=== YOUR TASK ===
Repeat exactly the lines below that lie between the line with "Может применяться для" and the line with "Handmade cream tiara", counting both of those lines as part of the answer.

(STUDY MATERIAL begins)

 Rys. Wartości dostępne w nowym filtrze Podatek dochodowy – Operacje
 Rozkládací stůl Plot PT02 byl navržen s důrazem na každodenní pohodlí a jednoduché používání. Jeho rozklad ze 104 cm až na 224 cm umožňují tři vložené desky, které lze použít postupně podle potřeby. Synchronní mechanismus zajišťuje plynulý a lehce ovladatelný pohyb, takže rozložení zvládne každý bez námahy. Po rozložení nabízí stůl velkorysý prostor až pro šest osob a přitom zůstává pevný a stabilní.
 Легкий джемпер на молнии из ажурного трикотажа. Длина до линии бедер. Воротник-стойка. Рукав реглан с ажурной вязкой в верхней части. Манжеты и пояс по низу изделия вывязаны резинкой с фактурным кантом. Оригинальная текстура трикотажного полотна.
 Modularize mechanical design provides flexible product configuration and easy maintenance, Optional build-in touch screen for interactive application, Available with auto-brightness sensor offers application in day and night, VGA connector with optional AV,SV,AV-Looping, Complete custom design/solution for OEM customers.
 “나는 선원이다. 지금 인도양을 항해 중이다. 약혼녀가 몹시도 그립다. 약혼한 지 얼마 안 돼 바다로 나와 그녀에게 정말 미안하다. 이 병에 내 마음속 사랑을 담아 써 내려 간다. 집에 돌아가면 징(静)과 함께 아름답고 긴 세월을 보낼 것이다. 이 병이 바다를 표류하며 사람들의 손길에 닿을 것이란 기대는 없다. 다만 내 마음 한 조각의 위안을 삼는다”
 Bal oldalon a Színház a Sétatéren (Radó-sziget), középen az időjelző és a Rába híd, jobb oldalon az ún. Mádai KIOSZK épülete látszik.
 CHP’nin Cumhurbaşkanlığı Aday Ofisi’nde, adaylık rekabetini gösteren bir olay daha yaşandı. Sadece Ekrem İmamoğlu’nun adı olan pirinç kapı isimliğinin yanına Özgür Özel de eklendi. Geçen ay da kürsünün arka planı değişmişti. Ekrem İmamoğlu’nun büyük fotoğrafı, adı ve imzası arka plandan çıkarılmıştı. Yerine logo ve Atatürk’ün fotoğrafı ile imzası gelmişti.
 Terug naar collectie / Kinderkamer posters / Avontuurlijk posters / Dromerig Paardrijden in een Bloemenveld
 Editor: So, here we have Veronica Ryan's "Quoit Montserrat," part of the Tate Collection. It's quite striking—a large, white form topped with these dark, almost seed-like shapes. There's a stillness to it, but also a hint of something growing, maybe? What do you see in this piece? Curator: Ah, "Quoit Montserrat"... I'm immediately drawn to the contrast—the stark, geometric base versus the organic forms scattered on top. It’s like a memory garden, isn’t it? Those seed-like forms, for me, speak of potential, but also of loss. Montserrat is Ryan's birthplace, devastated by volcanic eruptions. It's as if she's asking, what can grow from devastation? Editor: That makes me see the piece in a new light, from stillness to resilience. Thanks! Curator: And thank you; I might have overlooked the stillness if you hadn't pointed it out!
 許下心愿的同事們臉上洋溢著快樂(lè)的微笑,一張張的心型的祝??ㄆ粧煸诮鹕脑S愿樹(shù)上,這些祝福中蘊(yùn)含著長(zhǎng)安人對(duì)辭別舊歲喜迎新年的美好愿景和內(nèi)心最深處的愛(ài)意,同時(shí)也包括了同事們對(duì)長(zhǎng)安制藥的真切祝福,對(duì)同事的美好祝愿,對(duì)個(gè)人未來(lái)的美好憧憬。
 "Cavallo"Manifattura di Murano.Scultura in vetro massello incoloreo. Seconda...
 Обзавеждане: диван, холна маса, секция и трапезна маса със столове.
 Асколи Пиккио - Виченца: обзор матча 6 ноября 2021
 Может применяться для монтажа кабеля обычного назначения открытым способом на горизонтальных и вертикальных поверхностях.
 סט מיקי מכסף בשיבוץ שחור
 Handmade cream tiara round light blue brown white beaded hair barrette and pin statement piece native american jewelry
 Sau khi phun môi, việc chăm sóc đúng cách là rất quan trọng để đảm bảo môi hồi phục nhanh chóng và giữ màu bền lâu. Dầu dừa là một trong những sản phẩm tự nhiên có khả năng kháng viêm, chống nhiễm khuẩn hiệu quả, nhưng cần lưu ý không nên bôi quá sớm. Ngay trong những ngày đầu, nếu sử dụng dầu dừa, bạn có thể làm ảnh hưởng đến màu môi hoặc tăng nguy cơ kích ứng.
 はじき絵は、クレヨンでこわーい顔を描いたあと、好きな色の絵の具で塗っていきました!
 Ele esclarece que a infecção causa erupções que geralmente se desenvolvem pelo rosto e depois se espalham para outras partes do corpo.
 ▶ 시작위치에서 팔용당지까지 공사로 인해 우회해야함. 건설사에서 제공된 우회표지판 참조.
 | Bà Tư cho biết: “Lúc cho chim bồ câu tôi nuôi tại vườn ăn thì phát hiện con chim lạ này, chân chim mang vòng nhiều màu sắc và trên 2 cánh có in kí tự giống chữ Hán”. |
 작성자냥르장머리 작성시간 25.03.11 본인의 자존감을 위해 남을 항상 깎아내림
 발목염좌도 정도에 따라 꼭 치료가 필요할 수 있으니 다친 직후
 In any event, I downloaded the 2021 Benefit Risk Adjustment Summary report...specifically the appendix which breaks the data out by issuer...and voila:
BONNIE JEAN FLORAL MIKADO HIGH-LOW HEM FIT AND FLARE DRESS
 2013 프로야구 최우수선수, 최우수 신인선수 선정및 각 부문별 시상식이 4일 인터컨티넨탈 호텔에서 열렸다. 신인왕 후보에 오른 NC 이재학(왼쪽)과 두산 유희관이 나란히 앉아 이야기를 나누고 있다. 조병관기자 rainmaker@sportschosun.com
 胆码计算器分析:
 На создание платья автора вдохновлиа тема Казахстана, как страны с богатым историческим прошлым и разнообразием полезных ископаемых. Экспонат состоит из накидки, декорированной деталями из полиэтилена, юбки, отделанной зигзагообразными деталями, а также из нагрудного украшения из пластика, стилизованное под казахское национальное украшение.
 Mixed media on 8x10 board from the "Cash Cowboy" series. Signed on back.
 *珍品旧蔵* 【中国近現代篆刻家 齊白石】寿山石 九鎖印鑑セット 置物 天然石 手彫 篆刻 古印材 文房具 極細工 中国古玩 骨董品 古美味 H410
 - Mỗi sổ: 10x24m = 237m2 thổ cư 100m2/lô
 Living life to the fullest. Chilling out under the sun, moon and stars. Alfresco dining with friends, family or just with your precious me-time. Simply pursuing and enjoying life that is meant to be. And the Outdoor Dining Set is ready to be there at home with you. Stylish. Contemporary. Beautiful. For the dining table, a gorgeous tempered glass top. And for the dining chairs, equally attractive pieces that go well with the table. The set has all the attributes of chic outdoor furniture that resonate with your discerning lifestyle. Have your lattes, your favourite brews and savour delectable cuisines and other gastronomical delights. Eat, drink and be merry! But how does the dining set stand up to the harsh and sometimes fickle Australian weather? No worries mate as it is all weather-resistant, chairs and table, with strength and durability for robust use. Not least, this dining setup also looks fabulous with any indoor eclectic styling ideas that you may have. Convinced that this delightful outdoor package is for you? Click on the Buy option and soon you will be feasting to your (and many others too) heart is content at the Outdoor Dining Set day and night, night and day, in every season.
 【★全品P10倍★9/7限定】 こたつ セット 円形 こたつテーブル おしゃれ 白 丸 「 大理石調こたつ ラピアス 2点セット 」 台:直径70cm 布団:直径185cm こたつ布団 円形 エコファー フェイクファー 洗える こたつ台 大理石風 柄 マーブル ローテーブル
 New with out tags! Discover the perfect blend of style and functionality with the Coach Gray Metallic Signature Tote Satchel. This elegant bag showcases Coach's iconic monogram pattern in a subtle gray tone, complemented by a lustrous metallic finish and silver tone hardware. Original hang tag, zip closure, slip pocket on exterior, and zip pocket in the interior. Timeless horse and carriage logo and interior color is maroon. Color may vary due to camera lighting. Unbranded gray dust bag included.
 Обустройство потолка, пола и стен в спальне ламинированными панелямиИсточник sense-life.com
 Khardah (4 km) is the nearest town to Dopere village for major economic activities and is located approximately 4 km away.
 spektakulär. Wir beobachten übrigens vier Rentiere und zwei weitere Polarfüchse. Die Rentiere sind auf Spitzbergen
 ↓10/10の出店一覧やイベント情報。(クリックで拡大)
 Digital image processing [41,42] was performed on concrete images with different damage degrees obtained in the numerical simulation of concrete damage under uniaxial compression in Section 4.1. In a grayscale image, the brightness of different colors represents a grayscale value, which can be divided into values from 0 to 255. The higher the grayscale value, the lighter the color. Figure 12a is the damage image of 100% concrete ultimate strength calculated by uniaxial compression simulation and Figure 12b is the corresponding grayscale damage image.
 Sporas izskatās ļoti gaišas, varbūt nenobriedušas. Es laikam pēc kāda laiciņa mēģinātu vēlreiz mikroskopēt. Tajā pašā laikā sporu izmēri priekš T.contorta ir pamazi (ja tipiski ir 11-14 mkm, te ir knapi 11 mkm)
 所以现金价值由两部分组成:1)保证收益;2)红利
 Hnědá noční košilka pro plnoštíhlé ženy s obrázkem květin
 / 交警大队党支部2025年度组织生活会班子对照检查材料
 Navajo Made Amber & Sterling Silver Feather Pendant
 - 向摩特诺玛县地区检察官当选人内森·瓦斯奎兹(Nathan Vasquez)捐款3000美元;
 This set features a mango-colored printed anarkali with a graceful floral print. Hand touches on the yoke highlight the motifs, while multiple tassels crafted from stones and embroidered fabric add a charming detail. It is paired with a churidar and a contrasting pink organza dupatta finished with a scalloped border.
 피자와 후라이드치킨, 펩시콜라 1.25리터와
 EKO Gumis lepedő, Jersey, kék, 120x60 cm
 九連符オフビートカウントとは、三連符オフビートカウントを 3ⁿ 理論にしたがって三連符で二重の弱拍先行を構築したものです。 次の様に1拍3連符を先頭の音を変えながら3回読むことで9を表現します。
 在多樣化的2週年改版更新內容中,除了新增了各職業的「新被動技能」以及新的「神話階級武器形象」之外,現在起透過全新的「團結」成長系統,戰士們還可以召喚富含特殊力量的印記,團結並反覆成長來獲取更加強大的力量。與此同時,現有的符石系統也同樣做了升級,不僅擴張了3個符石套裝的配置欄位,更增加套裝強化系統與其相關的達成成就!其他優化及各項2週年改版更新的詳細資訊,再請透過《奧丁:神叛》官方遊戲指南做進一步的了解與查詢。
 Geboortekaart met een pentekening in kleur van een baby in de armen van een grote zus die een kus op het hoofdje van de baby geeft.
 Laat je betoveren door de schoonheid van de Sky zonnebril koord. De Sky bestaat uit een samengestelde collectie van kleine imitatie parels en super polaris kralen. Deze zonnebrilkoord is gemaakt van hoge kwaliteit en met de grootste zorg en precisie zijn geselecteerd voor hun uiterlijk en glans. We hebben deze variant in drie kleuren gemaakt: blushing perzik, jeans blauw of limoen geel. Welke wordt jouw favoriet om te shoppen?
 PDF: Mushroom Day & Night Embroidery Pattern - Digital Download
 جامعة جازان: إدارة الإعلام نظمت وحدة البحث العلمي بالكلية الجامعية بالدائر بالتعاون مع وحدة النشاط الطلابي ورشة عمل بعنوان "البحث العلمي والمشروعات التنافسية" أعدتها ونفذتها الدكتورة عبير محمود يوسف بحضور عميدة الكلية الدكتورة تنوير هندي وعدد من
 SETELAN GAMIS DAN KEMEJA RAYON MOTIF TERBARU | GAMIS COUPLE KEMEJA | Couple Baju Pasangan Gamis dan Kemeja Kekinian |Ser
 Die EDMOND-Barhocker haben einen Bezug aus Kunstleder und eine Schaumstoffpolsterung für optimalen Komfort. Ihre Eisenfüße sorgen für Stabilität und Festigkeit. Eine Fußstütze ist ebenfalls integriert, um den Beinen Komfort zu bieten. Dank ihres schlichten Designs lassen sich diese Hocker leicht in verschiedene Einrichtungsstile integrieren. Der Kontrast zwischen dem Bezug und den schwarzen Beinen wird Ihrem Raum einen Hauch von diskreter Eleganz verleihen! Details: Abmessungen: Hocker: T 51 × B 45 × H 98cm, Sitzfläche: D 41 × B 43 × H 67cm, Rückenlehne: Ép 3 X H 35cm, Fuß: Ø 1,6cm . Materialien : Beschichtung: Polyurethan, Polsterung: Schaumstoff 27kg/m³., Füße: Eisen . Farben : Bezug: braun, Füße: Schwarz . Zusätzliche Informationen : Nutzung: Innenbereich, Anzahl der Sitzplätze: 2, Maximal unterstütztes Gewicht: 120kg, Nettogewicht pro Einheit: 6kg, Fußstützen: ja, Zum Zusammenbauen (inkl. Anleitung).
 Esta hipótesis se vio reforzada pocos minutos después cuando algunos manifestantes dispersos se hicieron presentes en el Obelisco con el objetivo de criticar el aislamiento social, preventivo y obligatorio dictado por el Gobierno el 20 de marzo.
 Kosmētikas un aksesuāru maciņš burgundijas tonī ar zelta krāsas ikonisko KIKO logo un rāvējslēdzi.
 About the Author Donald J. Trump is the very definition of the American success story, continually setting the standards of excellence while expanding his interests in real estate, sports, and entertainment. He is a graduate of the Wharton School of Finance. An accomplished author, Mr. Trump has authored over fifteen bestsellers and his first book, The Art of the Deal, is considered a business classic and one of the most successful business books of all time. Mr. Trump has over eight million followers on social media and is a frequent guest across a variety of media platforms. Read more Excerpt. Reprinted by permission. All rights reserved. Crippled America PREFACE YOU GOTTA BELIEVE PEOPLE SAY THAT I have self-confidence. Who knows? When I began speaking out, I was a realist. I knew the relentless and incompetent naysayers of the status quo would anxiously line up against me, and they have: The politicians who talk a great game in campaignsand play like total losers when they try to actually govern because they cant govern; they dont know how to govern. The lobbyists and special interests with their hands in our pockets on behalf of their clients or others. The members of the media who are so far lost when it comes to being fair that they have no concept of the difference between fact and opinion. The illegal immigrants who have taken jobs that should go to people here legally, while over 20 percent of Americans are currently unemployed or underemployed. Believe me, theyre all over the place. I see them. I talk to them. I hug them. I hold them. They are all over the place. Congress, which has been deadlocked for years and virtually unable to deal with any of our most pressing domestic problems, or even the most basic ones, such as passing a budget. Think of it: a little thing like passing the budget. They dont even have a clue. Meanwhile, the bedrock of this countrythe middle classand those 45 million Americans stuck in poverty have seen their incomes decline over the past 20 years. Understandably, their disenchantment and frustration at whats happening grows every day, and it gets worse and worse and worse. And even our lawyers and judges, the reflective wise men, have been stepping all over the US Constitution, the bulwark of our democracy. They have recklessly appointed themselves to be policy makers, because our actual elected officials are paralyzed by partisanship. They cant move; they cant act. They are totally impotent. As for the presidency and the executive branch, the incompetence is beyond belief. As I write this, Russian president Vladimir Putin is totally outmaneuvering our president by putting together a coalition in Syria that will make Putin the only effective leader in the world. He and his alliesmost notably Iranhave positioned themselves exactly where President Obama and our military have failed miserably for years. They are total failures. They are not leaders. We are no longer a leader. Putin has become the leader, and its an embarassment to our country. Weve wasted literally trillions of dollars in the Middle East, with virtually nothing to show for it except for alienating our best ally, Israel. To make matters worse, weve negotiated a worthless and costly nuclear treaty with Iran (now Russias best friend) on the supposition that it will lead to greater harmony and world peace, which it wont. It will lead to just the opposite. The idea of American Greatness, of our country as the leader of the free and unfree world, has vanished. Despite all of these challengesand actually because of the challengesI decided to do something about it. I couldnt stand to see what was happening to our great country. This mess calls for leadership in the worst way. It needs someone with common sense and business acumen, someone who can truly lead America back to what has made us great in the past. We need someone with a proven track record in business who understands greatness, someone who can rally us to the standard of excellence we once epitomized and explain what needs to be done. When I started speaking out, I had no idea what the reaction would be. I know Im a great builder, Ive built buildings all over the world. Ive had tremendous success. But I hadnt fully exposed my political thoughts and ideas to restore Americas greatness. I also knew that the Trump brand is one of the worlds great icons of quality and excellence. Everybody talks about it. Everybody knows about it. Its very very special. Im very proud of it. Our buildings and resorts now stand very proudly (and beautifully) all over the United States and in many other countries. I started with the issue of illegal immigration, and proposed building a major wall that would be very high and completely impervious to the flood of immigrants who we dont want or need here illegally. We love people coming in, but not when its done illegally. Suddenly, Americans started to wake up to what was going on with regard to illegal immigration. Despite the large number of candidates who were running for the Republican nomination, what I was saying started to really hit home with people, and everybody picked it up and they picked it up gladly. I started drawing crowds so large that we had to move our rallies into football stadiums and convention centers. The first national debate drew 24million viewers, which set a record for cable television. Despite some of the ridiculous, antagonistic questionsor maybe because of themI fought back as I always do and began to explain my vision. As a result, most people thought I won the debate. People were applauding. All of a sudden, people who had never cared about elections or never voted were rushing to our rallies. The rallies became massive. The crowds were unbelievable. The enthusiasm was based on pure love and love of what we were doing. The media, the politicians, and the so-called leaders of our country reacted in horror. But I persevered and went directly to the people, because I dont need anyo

(STUDY MATERIAL ends)

=== YOUR SOLUTION ===
 Может применяться для монтажа кабеля обычного назначения открытым способом на горизонтальных и вертикальных поверхностях.
 סט מיקי מכסף בשיבוץ שחור
 Handmade cream tiara round light blue brown white beaded hair barrette and pin statement piece native american jewelry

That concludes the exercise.